Charley "Chuck" Barrett (November 3, 1893 – May 21, 1924) was an American football player. He was the consensus All-American quarterback in 1914 and 1915 while playing for Cornell University and led Cornell to an undefeated season and national championship in 1915. He was elected to the College Football Hall of Fame in 1958.

==Early life==
Barrett was born in Bellevue, Pennsylvania, and raised in Cleveland, Ohio. He attended the University School in Cleveland before enrolling at Cornell University.

==Cornell==
At Cornell, Barrett was quarterback for the football team and a pitcher for the baseball team. He was Cornell's quarterback from 1913 to 1915 where he developed a reputation as "a real triple threat man" who kept opponents guessing, with his talents as a rusher, passer and kicker. He led Cornell to a record of 8–2 in 1914 and 9–0 in 1915. The undefeated 1915 team was recognized as the national football champion and became known as "the 'Big Red' machine."

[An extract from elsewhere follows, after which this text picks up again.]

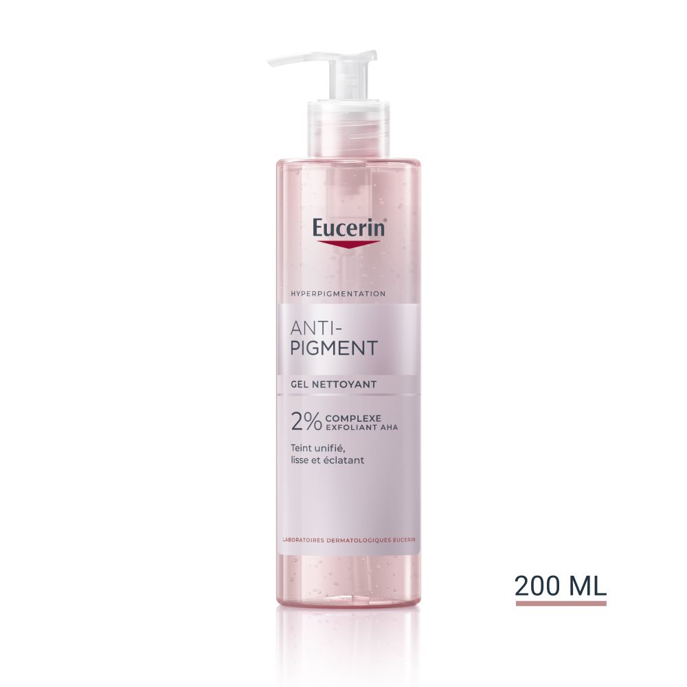 Une routine Anti-Pigment quotidienne complète. Voici le Gel Nettoyant Anti-Pigment Eucerin®, une étape essentielle de votre routine de soins de la peau pour une absorption optimale de votre soin Anti-Pigment au Thiamidol®. Une exfoliation aux AHA, préparant la peau à l’action du Thiamidol®** pour réduire efficacement les taches brunes dès seulement une semaine. Avec un puissant complexe d’AHA à 2 %, ce gel nettoyant améliore non seulement l'éclat de la peau instantanément, mais cible et aide également à corriger le teint irrégulier. Contenant aussi du gluco-glycérol, il aide à maintenir l'équilibre hydrique naturel de la peau, laissant votre peau instantanément douce. Les bienfaits de la formule : • Agit en douceur pour un usage quotidien • Donne à la peau une sensation hydratée • Améliore la luminosité de la peau. Des études dermatologiques cliniques prouvent : Très bonnes efficacité et tolérance cutanée, même sur les peaux sensibles. Convient à toutes les carnations.

In Barrett's final college football game, Cornell trailed the Penn by a score of 9–0, but Barrett scored 24 points to lead the Big Red to a 24–9 victory. He scored on runs of 40, 25 and three yards and drop-kicked a field goal and three extra points. Barrett was selected as the consensus first-team All-American quarterback in both 1914 and 1915. He was also selected by his teammates as the captain of the 1915 football team. The New York Times called him "the greatest football player ever developed at Cornell."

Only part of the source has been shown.